Exercise
From the records below, please repeat exactly the line that has "Nota: A versão", the line that has "Бог. Стихира Слава", and every line between them, and nothing else.

Data for processing
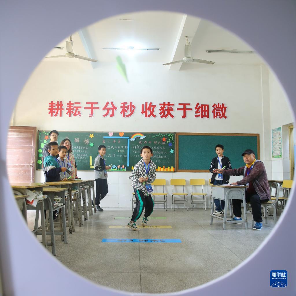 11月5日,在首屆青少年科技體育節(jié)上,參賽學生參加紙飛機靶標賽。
---
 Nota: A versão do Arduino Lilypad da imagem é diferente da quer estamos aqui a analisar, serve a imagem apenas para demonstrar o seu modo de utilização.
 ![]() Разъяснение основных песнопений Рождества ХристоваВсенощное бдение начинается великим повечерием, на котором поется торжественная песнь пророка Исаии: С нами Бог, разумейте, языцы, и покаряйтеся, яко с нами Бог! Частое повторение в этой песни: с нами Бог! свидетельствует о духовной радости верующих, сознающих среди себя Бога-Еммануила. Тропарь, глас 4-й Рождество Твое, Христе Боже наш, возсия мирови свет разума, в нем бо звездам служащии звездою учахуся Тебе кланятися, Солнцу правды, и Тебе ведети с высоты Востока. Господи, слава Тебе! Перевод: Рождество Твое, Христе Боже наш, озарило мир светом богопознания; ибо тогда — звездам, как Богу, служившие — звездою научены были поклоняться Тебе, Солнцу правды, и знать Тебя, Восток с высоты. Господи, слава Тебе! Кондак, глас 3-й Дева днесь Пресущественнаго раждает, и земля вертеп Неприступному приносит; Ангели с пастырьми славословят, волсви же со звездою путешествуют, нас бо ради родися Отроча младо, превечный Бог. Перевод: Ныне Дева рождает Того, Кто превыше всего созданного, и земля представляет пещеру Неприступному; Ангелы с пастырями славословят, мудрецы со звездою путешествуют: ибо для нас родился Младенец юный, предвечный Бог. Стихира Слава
...
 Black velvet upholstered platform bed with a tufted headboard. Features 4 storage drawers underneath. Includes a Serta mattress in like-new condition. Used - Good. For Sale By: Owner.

Expected output
 Nota: A versão do Arduino Lilypad da imagem é diferente da quer estamos aqui a analisar, serve a imagem apenas para demonstrar o seu modo de utilização.
 ![]() Разъяснение основных песнопений Рождества ХристоваВсенощное бдение начинается великим повечерием, на котором поется торжественная песнь пророка Исаии: С нами Бог, разумейте, языцы, и покаряйтеся, яко с нами Бог! Частое повторение в этой песни: с нами Бог! свидетельствует о духовной радости верующих, сознающих среди себя Бога-Еммануила. Тропарь, глас 4-й Рождество Твое, Христе Боже наш, возсия мирови свет разума, в нем бо звездам служащии звездою учахуся Тебе кланятися, Солнцу правды, и Тебе ведети с высоты Востока. Господи, слава Тебе! Перевод: Рождество Твое, Христе Боже наш, озарило мир светом богопознания; ибо тогда — звездам, как Богу, служившие — звездою научены были поклоняться Тебе, Солнцу правды, и знать Тебя, Восток с высоты. Господи, слава Тебе! Кондак, глас 3-й Дева днесь Пресущественнаго раждает, и земля вертеп Неприступному приносит; Ангели с пастырьми славословят, волсви же со звездою путешествуют, нас бо ради родися Отроча младо, превечный Бог. Перевод: Ныне Дева рождает Того, Кто превыше всего созданного, и земля представляет пещеру Неприступному; Ангелы с пастырями славословят, мудрецы со звездою путешествуют: ибо для нас родился Младенец юный, предвечный Бог. Стихира Слава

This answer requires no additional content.